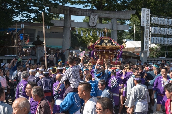 明治13年(1880)制作的八坂神社的千贯神舆,是在榉树材上雕刻精细的、附近最高龄的神舆。在祭典上,从一大早开始就会举行清扫路面的「ささら流し」活动。千贯神舆在9:00 ~ 17:00和预告大鼓的鼓声一起在町内进行巡回演出。
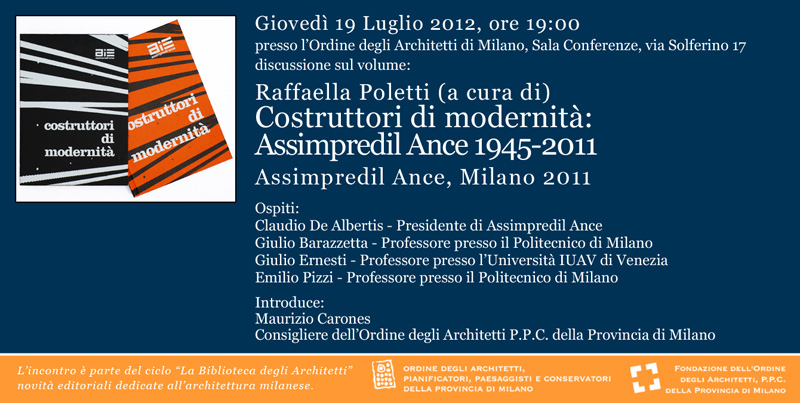 Giovedì 19 Luglio alle ore 19 presso l'Ordine degli Architetti di Milano si svolgerà un incontro dedicato al libro "Costruttori di Modernità. Assimpredil Ance 1945-2011" edito da Assimpredil Ance e curato da Raffaella Poletti.
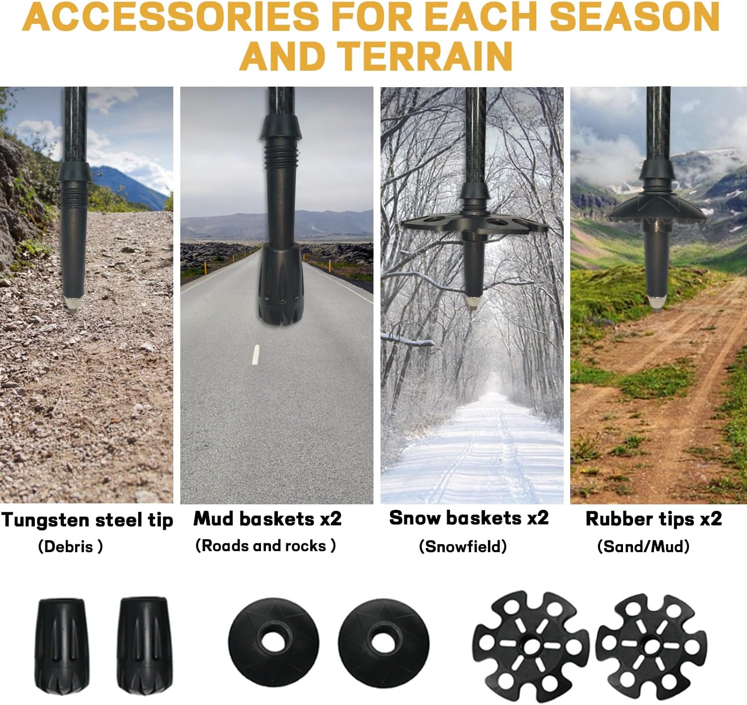 Tungsten steel alloy tip: Super wear-resistant grip, with anti-mud resistance design, safer to deal walking sticks for hiking with complex terrain such as gravel and mud.
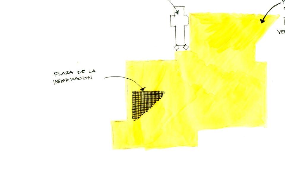 The monthly veneration of Saint Tadeo at San Hipolito Church brings large crowds that spill into the intersection, blocking traffic and creating congestion. Meanwhile, Plaza de la Información, marked on the sketch, is an underutilized corner of the intersection often associated with activities like drug sales and pot smoking, reflecting the fragmented use of the surrounding spaces.
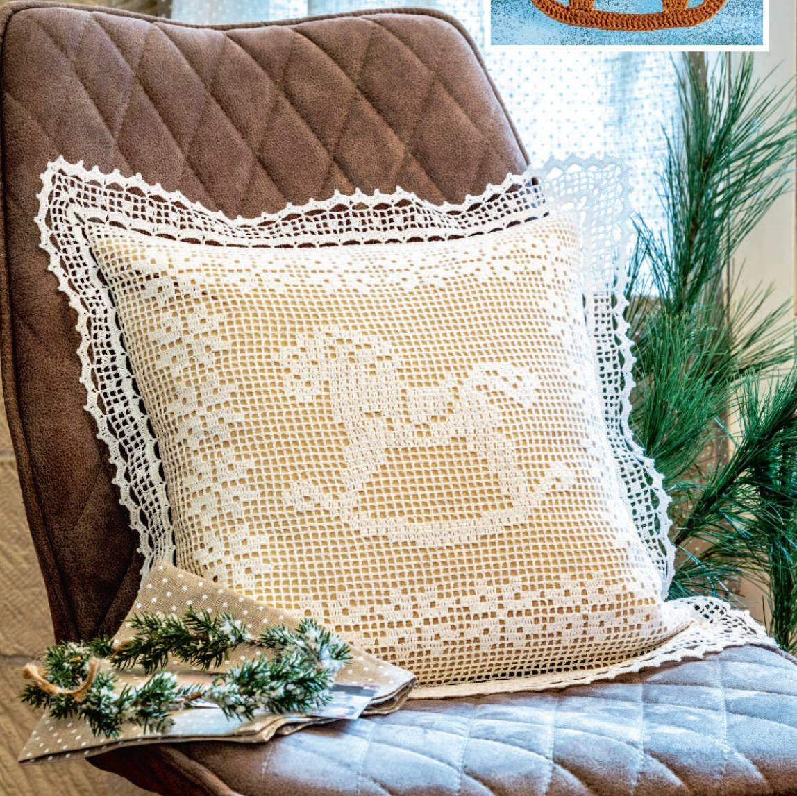 🎄Свяжите новогоднюю коллекцию декора для дома с символом наступающего года 🐎, филейное вязание крючком. Скатерть, панно и подушка.
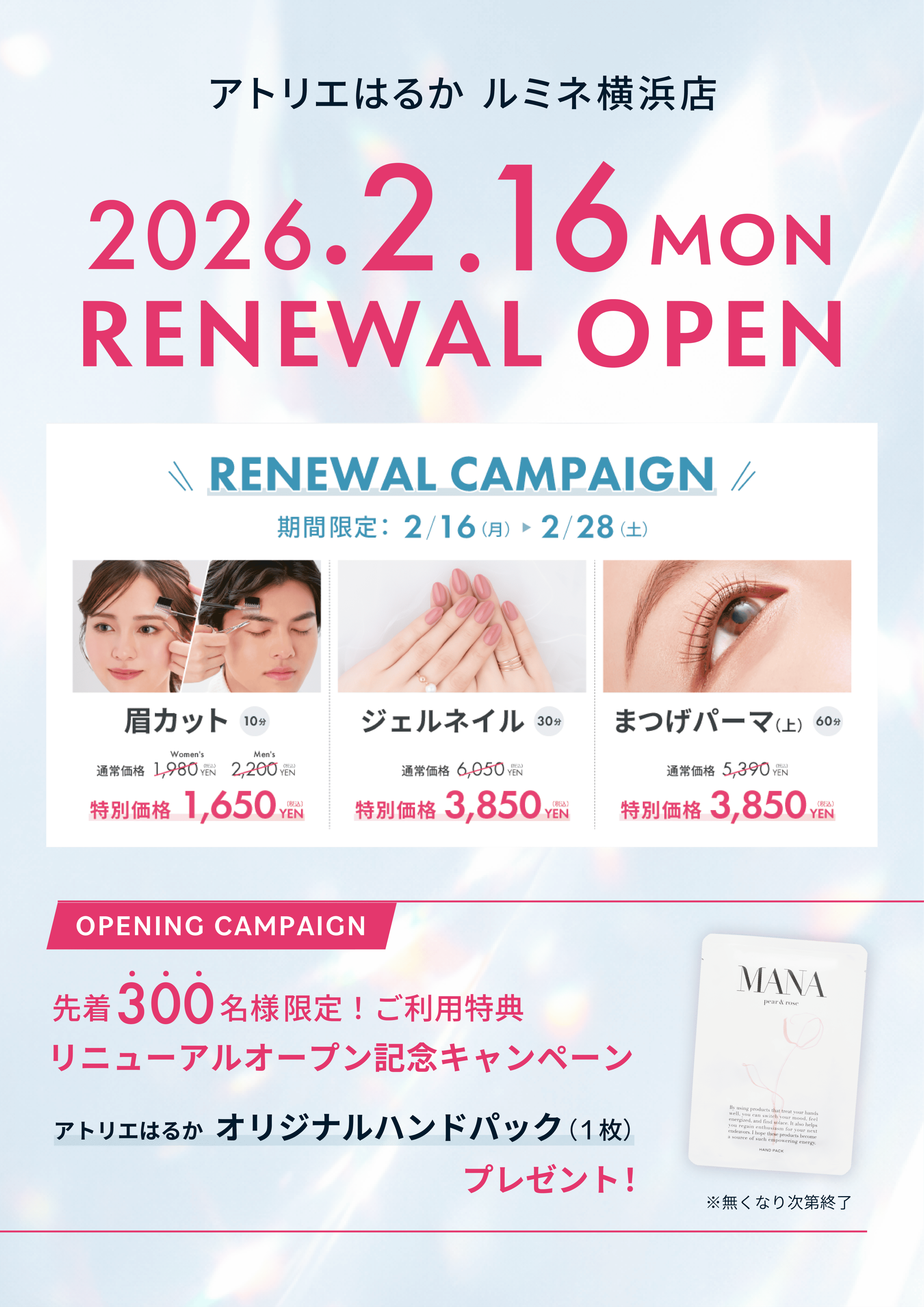 アトリエはるかオリジナルハンドパックMANA(1枚)をプレゼント!
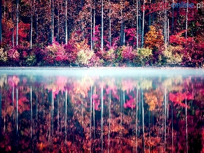 Jezioro, Kolorowe, Drzewa, Odbicie
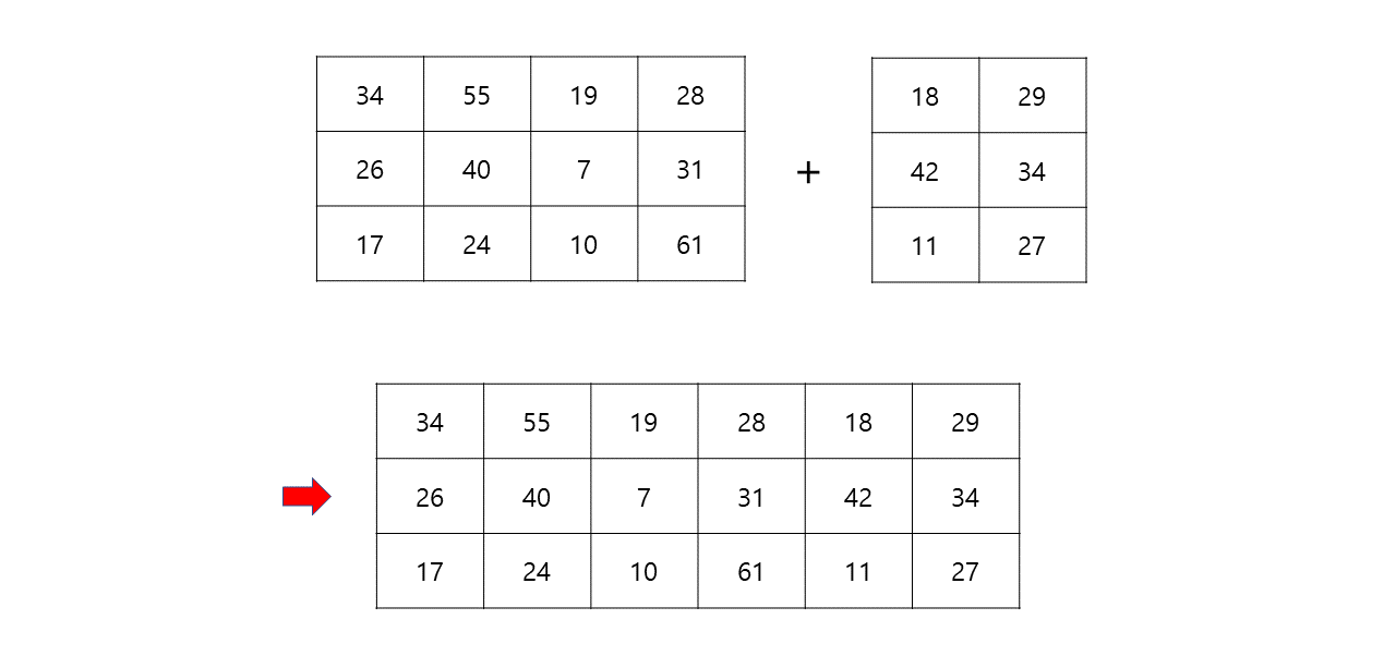 그러면 a와 b를 합쳐봅시다. 다만 여기서 고려해야 할 것은 4x3 배열과 4x2 배열을 합친다는 것은 결국 두번째 차원끼리 합쳐져서 4x5의 배열이 되도록 해야 한다는 것입니다. 즉 행(Column) 방향으로 크기가 더 커지는 효과가 됩니다. 일단 이 과정을 도식적으로 보면 다음 그림과 같습니다.
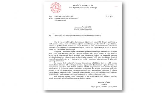 MİLLİ EĞİTİM BAKANLIĞI`NDAN ÖZEL OKULLARA “SOSYAL ETKİNLİK” TALİMATI: “ÖRF, ADET VE GELENEKLERE UYGUN DÜZENLENECEK; MİLLÎ KÜLTÜR VE DEĞERLERİMİZLE UYUMLU OLMAYAN ETKİNLİKLERE YER VERİLMEYECEK”
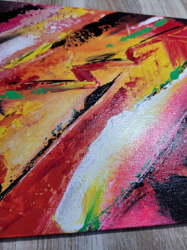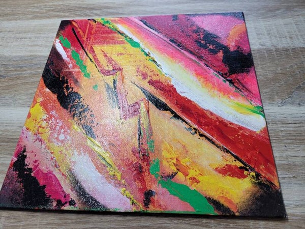 Utilisation de techniques mixtes à la peinture acrylique, avec mes propres mélanges de couleurs.
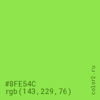 Цвет #8FE54C в цветовой модели RGB обозначается тремя октетами (143, 229, 76) в десятичном формате и #8FE54C в шестнадцатиричном (hex) формате, которые являются интенсивностью красного 143 (hex 8F), интенсивность зелёного 229 (hex E5) и интенсивность синего 76 (hex 4C).
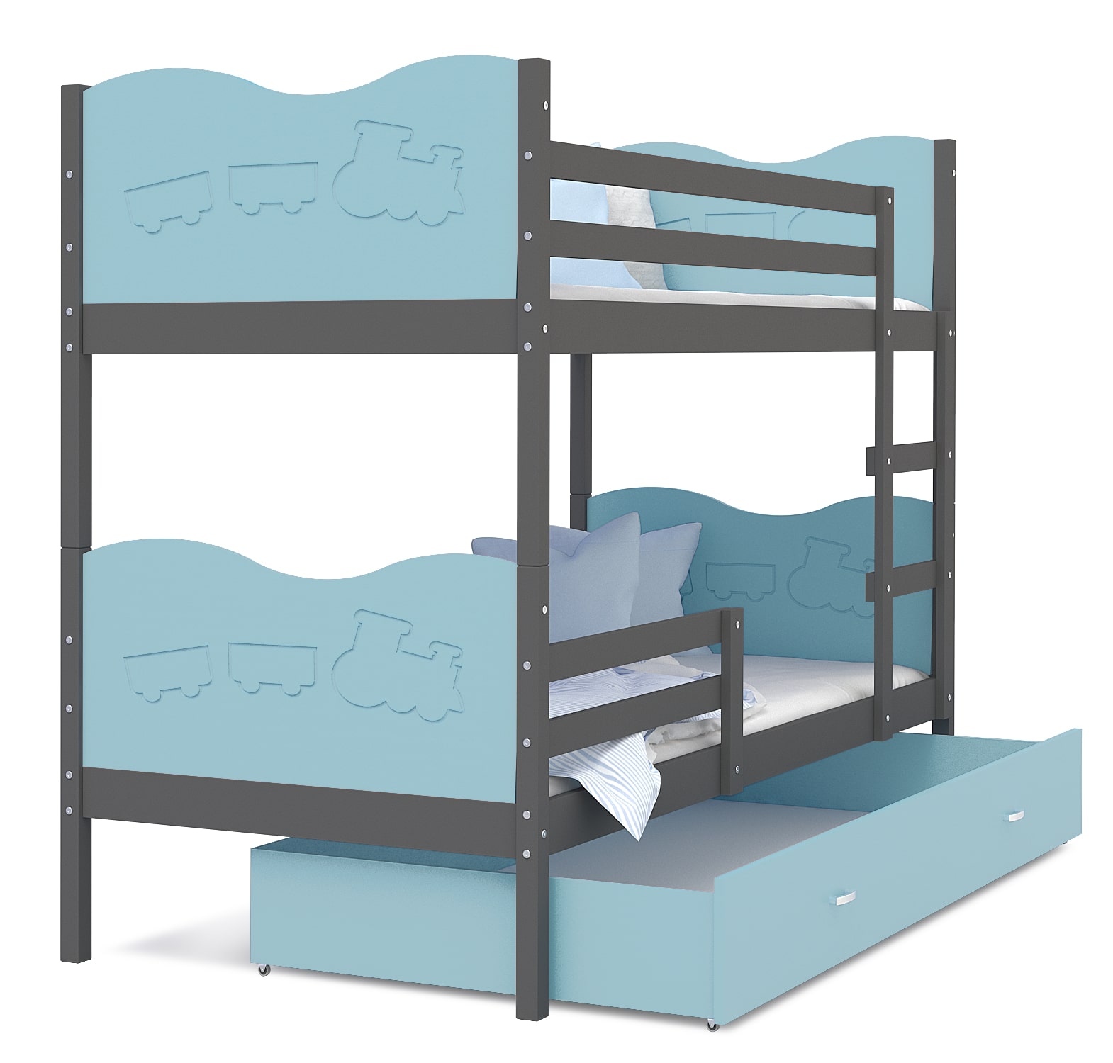 Dětská patrová postel se šuplíkem MAX R - 200x90 cm - modro-šedá - vláček
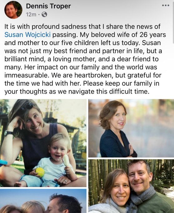 Dennis Troper, Wojcicki’s husband of 26 years, shared the news on Facebook. He described her as his best friend and a brilliant mind and loving mother to their five children. “Susan was not just my best friend and partner in life, but a brilliant mind, a loving mother, and a dear friend to many,” Troper wrote. He also acknowledged her immeasurable impact on their family and the world. He requested that their family be kept in his thoughts as they navigate this difficult time.
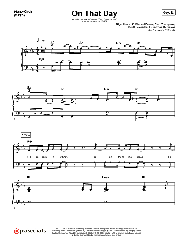 Download the sheet music for On That Day (Live) by CityAlight, from the album There Is One Gospel (Live). This song was arranged by Daniel Galbraith in the key of D, Eb.
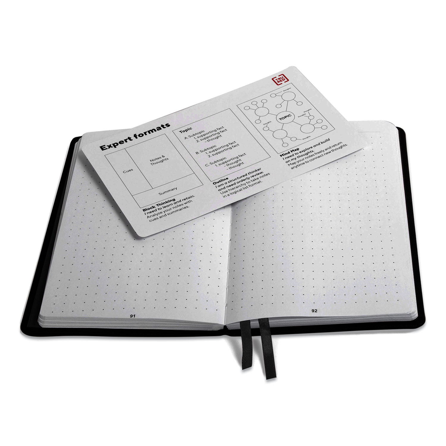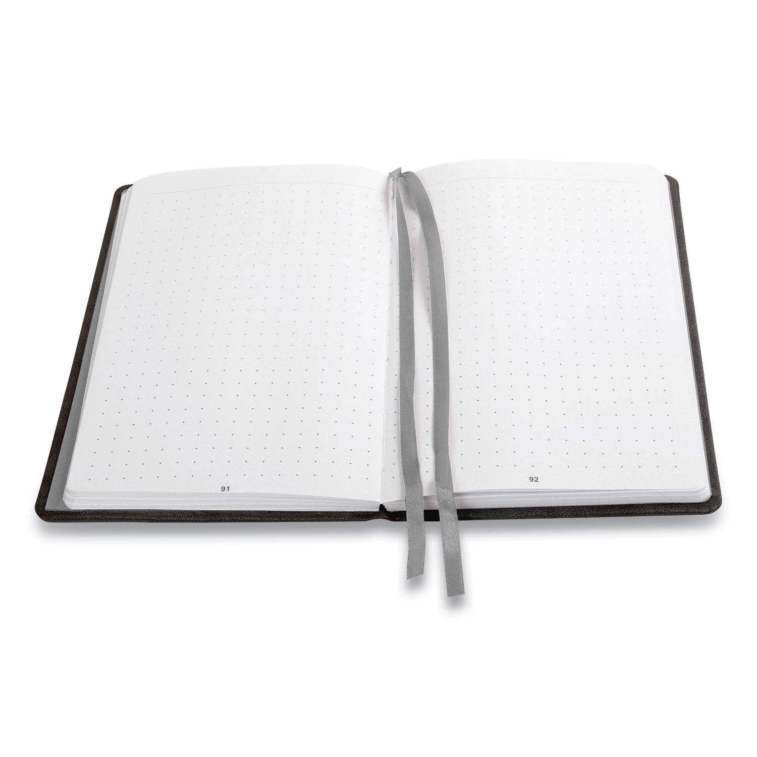 Bring your notes along to planning meetings. Two ribbon markers make it easy to find your place and the elastic band keeps everything secure. Features dotted pages to give you the freedom to brainstorm, mind map and outline. Pocket Sized: Yes; Book-Binding Type: Sewn; Book-Binding Edge: Side; Cover Color: Black.
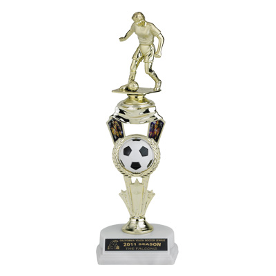 Item description: 12-1/2 inch sports trophy with soccer spinner takes soccer figure.
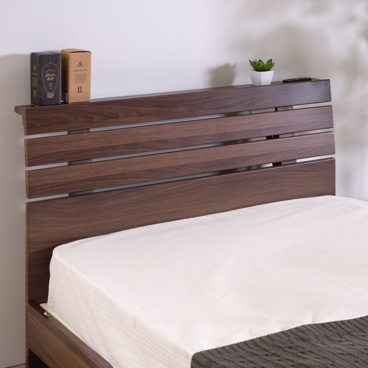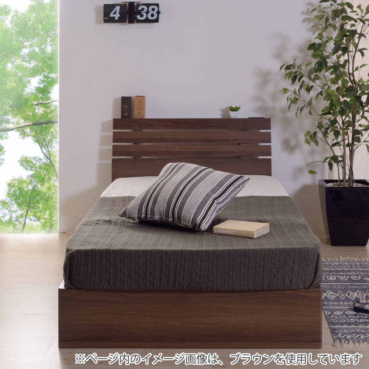 ヘッドボードの前面が、細い板の組み合わせですのこ状になっています。お部屋に置いた時の圧迫感を軽減して、お部屋をスッキリとした印象にしてくれます。
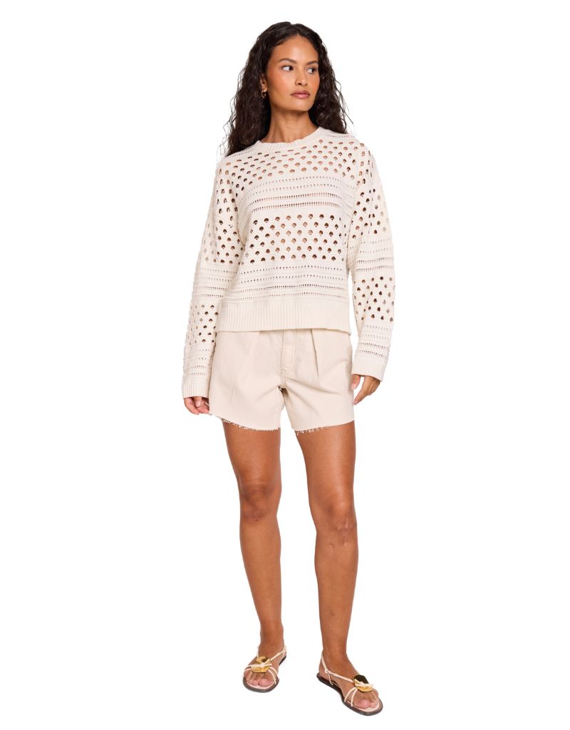 Brodie Mixed Pointelle Crew White

# Problem description
Transcribe, word for word, the lines of the listing above from the one that contains "アトリエはるかオリジナルハンドパックMANA(1枚)をプレゼント!" through the one that contains "Utilisation de techniques", keeping both ends and dropping the pictures.

# Exercise response
 アトリエはるかオリジナルハンドパックMANA(1枚)をプレゼント!
 Jezioro, Kolorowe, Drzewa, Odbicie
 그러면 a와 b를 합쳐봅시다. 다만 여기서 고려해야 할 것은 4x3 배열과 4x2 배열을 합친다는 것은 결국 두번째 차원끼리 합쳐져서 4x5의 배열이 되도록 해야 한다는 것입니다. 즉 행(Column) 방향으로 크기가 더 커지는 효과가 됩니다. 일단 이 과정을 도식적으로 보면 다음 그림과 같습니다.
 MİLLİ EĞİTİM BAKANLIĞI`NDAN ÖZEL OKULLARA “SOSYAL ETKİNLİK” TALİMATI: “ÖRF, ADET VE GELENEKLERE UYGUN DÜZENLENECEK; MİLLÎ KÜLTÜR VE DEĞERLERİMİZLE UYUMLU OLMAYAN ETKİNLİKLERE YER VERİLMEYECEK”
 Utilisation de techniques mixtes à la peinture acrylique, avec mes propres mélanges de couleurs.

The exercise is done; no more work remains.